The Extended Bayesian Skyline Plot (EBSP) was used to infer the historical population dynamics (Miller et al., 2018). EBSP analyses were implemented using the BEAST v.2.7.5 package. Complete mitogenomes of four species from the EHHM region (C. sumatraensis, N. cranbrooki, N. evansi, and M. gongshanensis) were selected for EBSP analysis with a strict molecular clock. The nucleotide substitution models were determined based on Bayesian Information Criterion (BIC) in ModelFinder within PhyloSuite v.1.2.2. The optimal model was HKY+F for all four species. The “Coalescent Extended Bayesian Skyline” model was used, with the “Population Model” factor set to 0.5 to account for female contribution to Ne (Heled & Drummond, 2008). Each population was run for 10 000 000 generations, with sampling every 1 000 steps and the first 10% of trees discarded as burn-in. Each dataset was run twice to confirm repeatability. Results were analyzed using Tracer v.1.7, ensuring that the effective sample sizes (ESS) for all relevant parameters exceeded 200. Demographic reconstructions were plotted in R v.3.2.3 using the R script plot EBSP.R (Heled & Drummond, 2008).

RESULTS

Phylogenetic relationships

The ML and BI analyses, based on complete mitogenomes, yielded similar tree topologies. Bootstrap values indicated significant support for all nodes. Naemorhedus and Capricornis were monophyletic sister genera (Figure 2). Three major phylogenetic clades were identified within Capricornis: 1) C. crispus; 2) C. swinhoei and C. rubidus; and 3) C. milneedwardsii, C. thar, and C. sumatraensis. The five Capricornis sequences collected in this study clustered within the third branch, along with C. milneedwardsii, C. thar, and C. sumatraensis. Two major phylogenetic clades were identified within the Naemorhedus: 1) N. cranbrooki, N. baileyi, and N. evansi—with N. cranbrooki and N. baileyi forming monophyletic taxa; and 2) N. griseus, N. goral, and N. caudatus. In addition, N. caudatus was divided into two distinct subclades, with our N. cranbrooki sequences from Xizang clustering in one subclade and those from northern Myanmar clustering in another. Similarly, N. evansi was divided into two different subclades, with our sequences from Yunnan and northern Myanmar grouped together, and N. baileyi was divided into two different subclades. The Muntiacus species formed two major clades (Figure 2): 1) M. reevesi, M. vuquangensis, and M. putaoensis; and 2) M. feae, M. gongshanensis, M. crinifrons, red muntjac (M. vaginalis, M. muntjak, and M. malabaricus), and M. atherodes. Both M. crinifrons and M. gongshanensis were identified as monophyletic, with M. gongshanensis further divided into two subclades. The sequences of M. gongshanensis from northern Myanmar were dispersed across both subclades.

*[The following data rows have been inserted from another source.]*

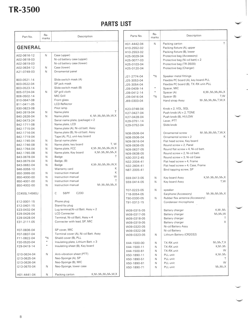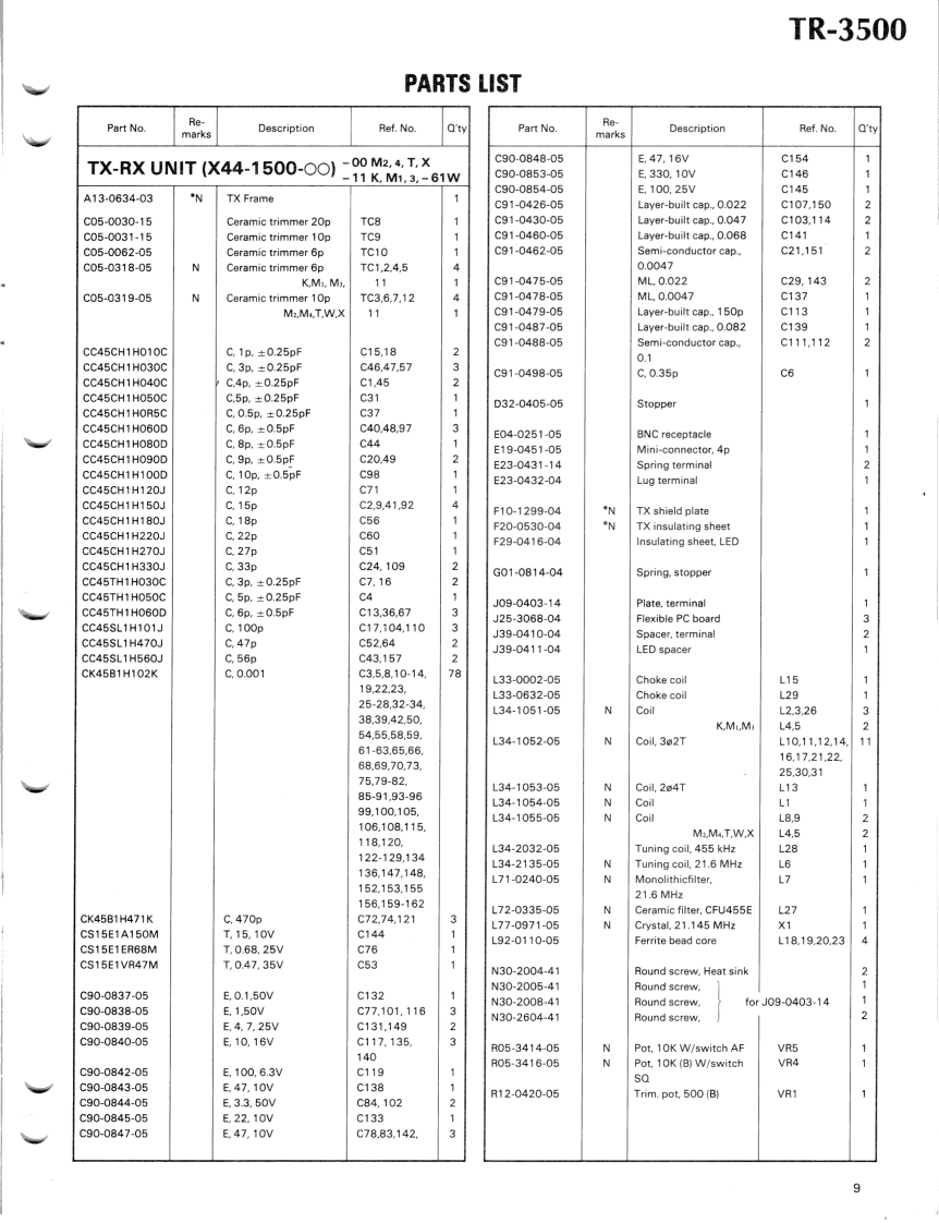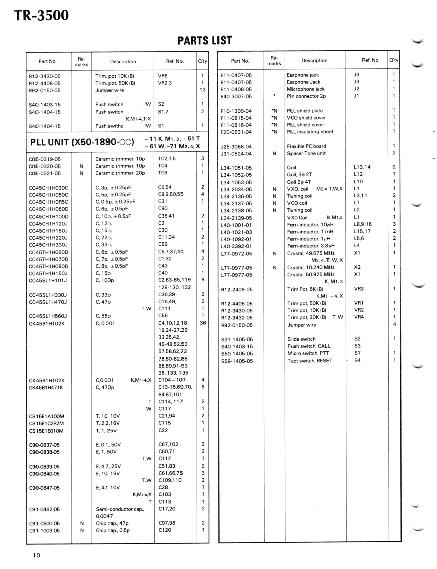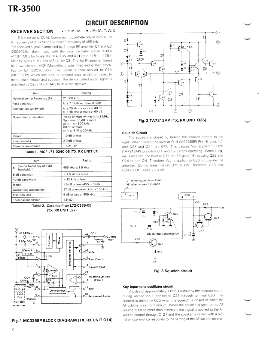 KENWOODSERVICE MANUALTR-3500BT-1,MS-1,PB-25,SC-4,ST-2SMC-25,TU-35A/TU-35B,TU-170 CM FM SYNTHESIZED HAND-HELD TRANSCEIVERSPECIFICATIONS[GENERAL]Weight.With Ni-Cd battery:540 g(1.2 lbs.)Frequency Range.......440.000-449.995 MHz (K M1.M3)With manganese battery:530 g(1.2 Ibs.)430.000-439.995MHz[TRANSMITTER](M2.M4.T.W.X)RF Output Power.......HI.1.5 WFrequency Step..........5 kHzLOW=0.3 W approxMemory Channels....10 CHModulation.VariablereactancedrectshifMode.EM(F3)Frequency Tolerance.Less than±20×10Operating voltage.....8.4VDC±25%(-10C+50CPower Requirement..8.4 V.400 mAH [Ni-Cd battery pack)Ma×imum F0 quencyPOWER/VOL9V AA manganese or alkaline (not Ni-Cd)6Deviation.±5kHzpcs.(battery case optionallSpurious Radiation....Less than-60 dBBack-up Power Re-[RECEIVER]quirement...CR2032 Lithium battery (supplied)444Double conversion superheterodyneCurrent Drain.Approx 35 mA in receive mode with no in-Intermediate Fre-put signalquency..1st IF =21.6 MHzApprox 700 mA in Hl transmit mode (at2nd IF =455 kHz8.40Sensitivity.Better than 1uV for S/N 30 dBApprox.350 mA in Low transmit mode (atLess than 0.25uV for 12 dB SINAD8.4MPass-Band Width.......12 kHz (More than-6 dB)Approx 1A for memory back-upSelectivity.44424 kHz (Better than-45 dB)Grounding.NegativeSpurious月0 sponse..:Better than 50dBOperating Tempera-Squelch Sensitivity...Less than 0.25 uV(threshold)ture.....-20Cto+50CAudio Output Power..More than 400mW(at 10%distorAntenna Impedance..50tion and 8 load)MicrocomputerICs6Transistors49KM0.5251(W)Note:Circuit and ratings may change without notice due to deve-Diodes45K.MX1.43Tlopments in technology41/W)LCDLEDDimensionsWith Ni-Cd battery:66 (2.6)Wx 168SC-4:Except USA market6.7H×40(1.6)D mm (inch)TU-1:Available onty for USAWith manganese battery:66(2.6)W×176(7.0H×40(1.6)D mm(inchCONTENTSCIRCUIT DESCRIPTION224PARTSLIST..........ST-2aaa25DISASSEMBLY.a…27TR-35DOSMC-25.4PACKING......13BT-1,PB-25,SC-4..PC BOARD VIEWSTU-35A.TU-35B...29TX.RX UNIT (X44-1500-014LEVEL DIAGRAM...PLL UNIT(X50-1890-00).............16REFERENCE DATA.32ADJUSTMENT.20BLOCK DIAGRAM..33MS-23SCHEMATIC DIAGRAM (K M)........................34SCHEMATIC DIAGRAM (W,T)................35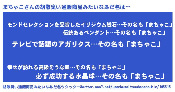 | 意味不明あだ名 | 『自称まちゃこ』『ペロリンまちゃこ』 |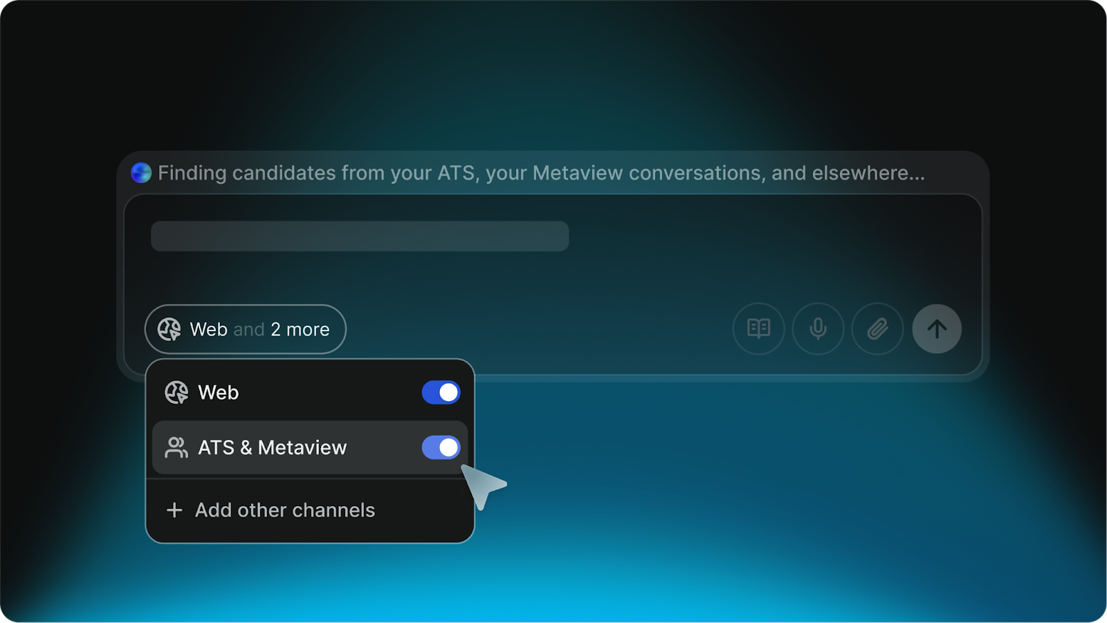 - Kick off a search with a natural prompt (voice or text). Choose your sources: open web, ATS, and Metaview conversations.
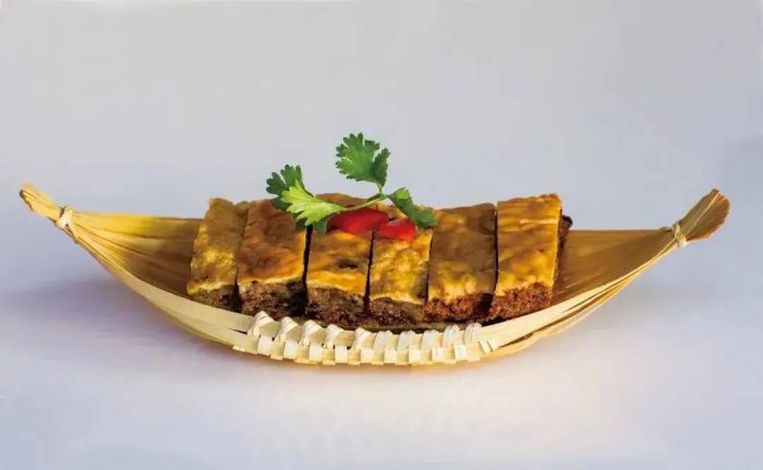 烧炙,外貌似油炸丸子,呈褐色,油亮。有一层当地人称为“猪网油”的东西包住,用碎猪肉、碎猪肝、葱白、冬笋等制成肉馅,经油爆或炭火炙烤过后香脆诱人。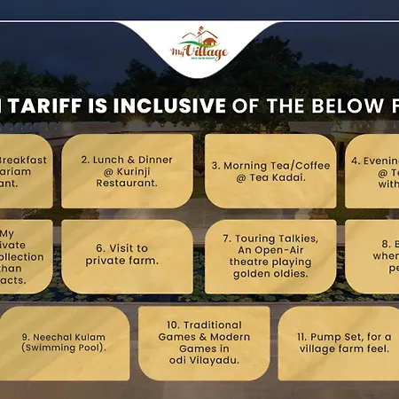 Located 40 km from Coimbatore International airport, My Village - Eco Rural Resort Coimbatore offers a 24-hour front desk and wake-up service, as well as bicycles for rent.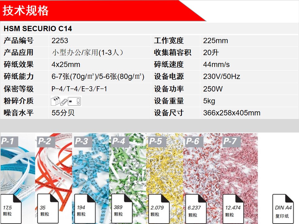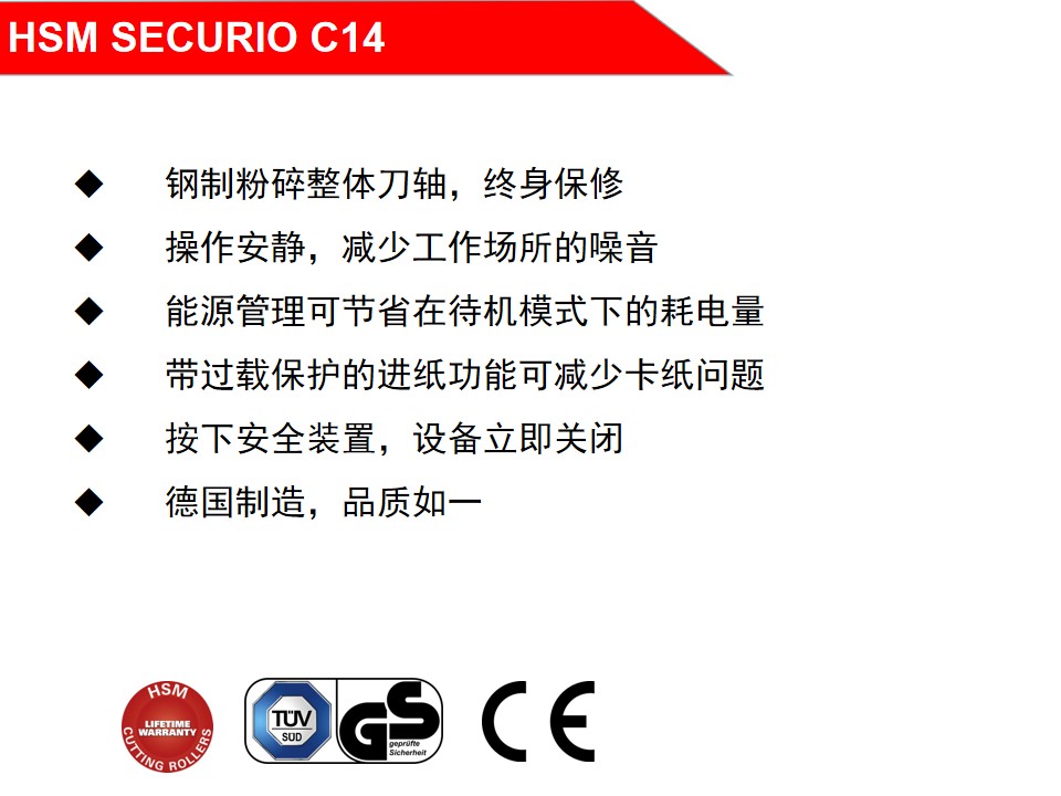 商品名称:赫斯密(HSM) SECURIO C14 小型办公碎纸机 自动启动/停止 德国4级保密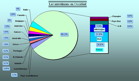 L’Islam est la seconde religion la plus pratiquée dans le monde après le Christianisme. Elle regroupe environ 1,2 milliard de fidèles principalement en Asie, en Afrique et en Europe. Il est très difficile de connaître précisément le nombre de musulmans en Occident, mais des estimations sérieuses peuvent le chiffrer aux alentours d’une vingtaine de millions très inégalement répartis à travers ses pays membres [1-7]. Ainsi, on remarque que quatre pays, en l’occurrence la France, les Etats-Unis, l’Allemagne et la Grande-Bretagne, regroupent plus des deux tiers des musulmans d’Occident. Le reste est disséminé dans les autres pays (fig.1).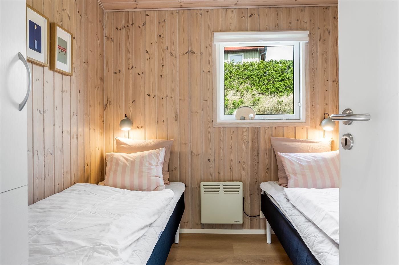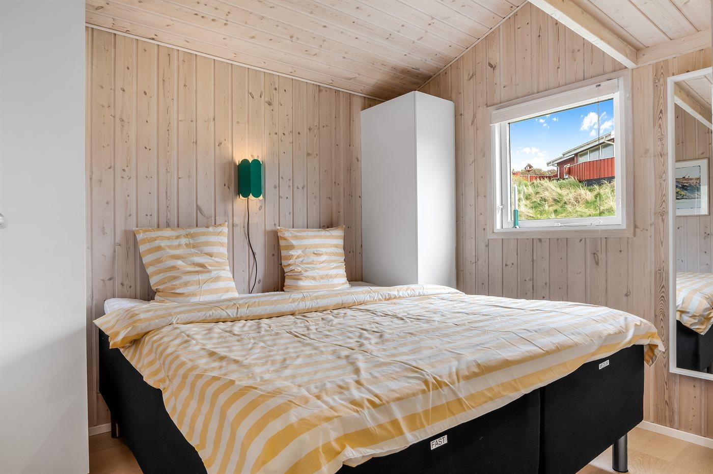 Der er i alt 3 soveværelser. Sovepladserne fordeler sig på: 4 sovepladser i dobbeltsenge. 2 sovepladser i enkeltsenge. Derudover er der 1 stk. barneseng.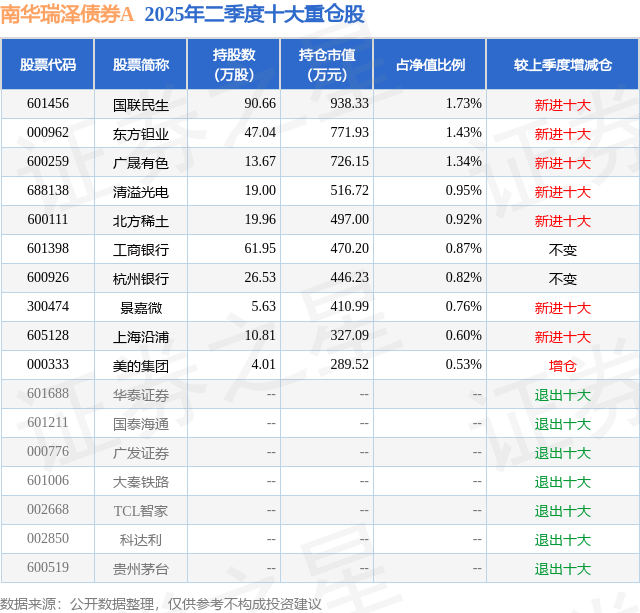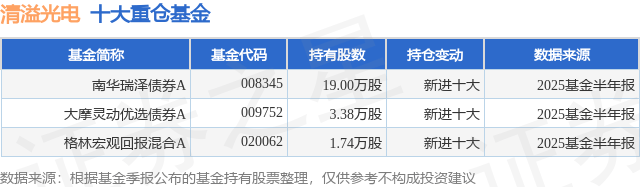 根据2025基金半年报公募基金重仓股数据,重仓该股的公募基金共3家,其中持有数量最多的公募基金为南华基金的南华瑞泽债券A。南华瑞泽债券A目前规模为4.5亿元,最新净值1.1392(10月16日),较上一交易日下跌0.36%,近一年上涨18.08%。该公募基金现任基金经理为徐超 姜杰特。徐超在任的基金产品包括:南华瑞盈混合发起A,管理时间为2024年12月30日至今,期间收益率为0.59%;南华丰淳混合A,管理时间为2024年12月30日至今,期间收益率为37.9%;南华科技创新混合发起A,管理时间为2025年9月24日至今,期间收益率为-3.46%。姜杰特在任的基金产品包括:南华同业存单指数7天持有,管理时间为2024年4月13日至今,期间收益率为2.01%;南华瑞利债券A,管理时间为2024年9月26日至今,期间收益率为4.82%;南华价值启航纯债债券A,管理时间为2025年1月8日至今,期间收益率为-0.16%。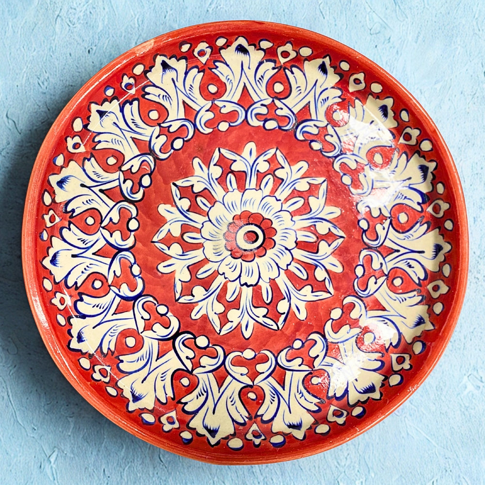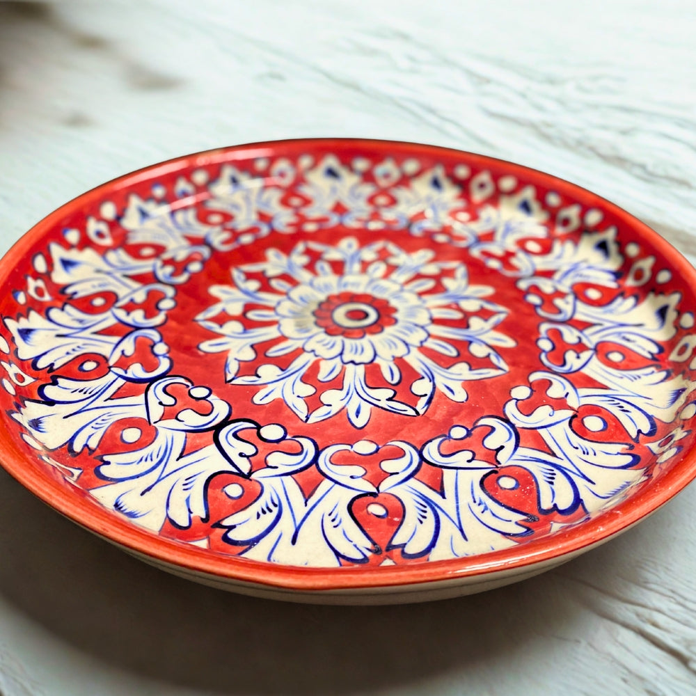 Bold in hue and rich in heritage, this red Multani serving plate blends function with folk artistry. Handcrafted with love and finished with vibrant patterns, it’s perfect for sweets, snacks, or simply serving beauty at every table.

Figure  2.  Unified maximum-likelihood (ML) and Bayesian inference (BI) tree and estimation of divergence time based on complete mitogenomes

A: Unified tree of Capricornis and Naemorhedus species. B: Unified tree of Muntiacus species. Black numbers at nodes indicate maximum-likelihood and Bayesian posterior probability, respectively. Stars indicate values of 100 (ML) and 1.00 (BI). Blue numbers at nodes represent average time (Ma), blue bar represents 95% confidence interval. Sequences in bold are our samples. ☆ indicates sample is an ancient individual (sub-fossils).

Divergence times

The evolutionary tree topologies for Capricornis, Naemorhedus, and Muntiacus species were consistent with the phylogenetic tree topologies (Figure 2), thus the two trees were combined into a single unified tree.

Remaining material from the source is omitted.